- _Task prompt_:
Write the listing out again exactly as it stands, with no images.

- _Data segment_:
Content starts
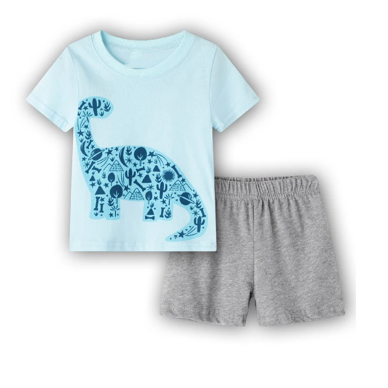 Комплект детской одежды для мальчиков, хлопок, динозавр, летняя оде...
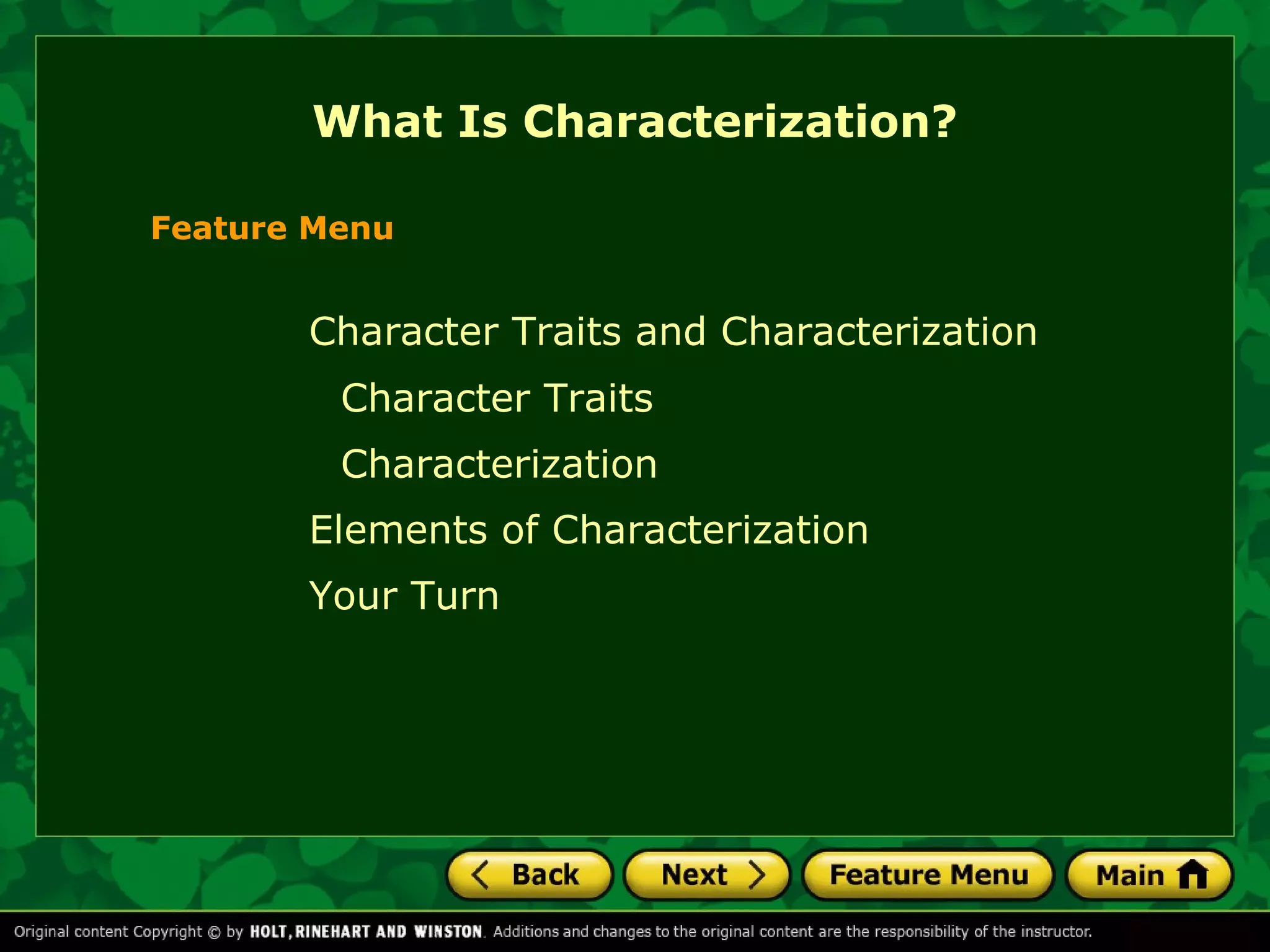 This document discusses characterization in stories. It defines characterization as the process writers use to reveal a character's traits. There are two main methods: direct characterization tells the reader what a character is like, while indirect characterization shows the reader through a character's actions, speech, thoughts, and how others react to them. The document provides examples of both direct and indirect characterization and examines the different elements writers can use like appearance, actions, speech, thoughts and feelings to indirectly characterize their characters.
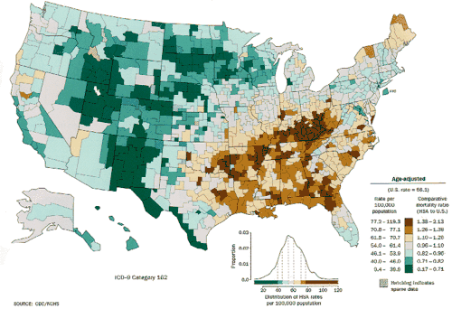 - ^ Introduction Archived 2009-11-24 at the Wayback Machine, Atlas of Stroke Mortality: Racial, Ethnic, and Geographic Disparities in the United States (Casper ML, Barnett E, Williams GI Jr., Halverson JA, Braham VE, Greenlund KJ). Atlanta, GA: Department of Health and Human Services, Centers for Disease Control and Prevention, 2003
Content ends
- _Result of this exercise_:
 Комплект детской одежды для мальчиков, хлопок, динозавр, летняя оде...
 This document discusses characterization in stories. It defines characterization as the process writers use to reveal a character's traits. There are two main methods: direct characterization tells the reader what a character is like, while indirect characterization shows the reader through a character's actions, speech, thoughts, and how others react to them. The document provides examples of both direct and indirect characterization and examines the different elements writers can use like appearance, actions, speech, thoughts and feelings to indirectly characterize their characters.
 - ^ Introduction Archived 2009-11-24 at the Wayback Machine, Atlas of Stroke Mortality: Racial, Ethnic, and Geographic Disparities in the United States (Casper ML, Barnett E, Williams GI Jr., Halverson JA, Braham VE, Greenlund KJ). Atlanta, GA: Department of Health and Human Services, Centers for Disease Control and Prevention, 2003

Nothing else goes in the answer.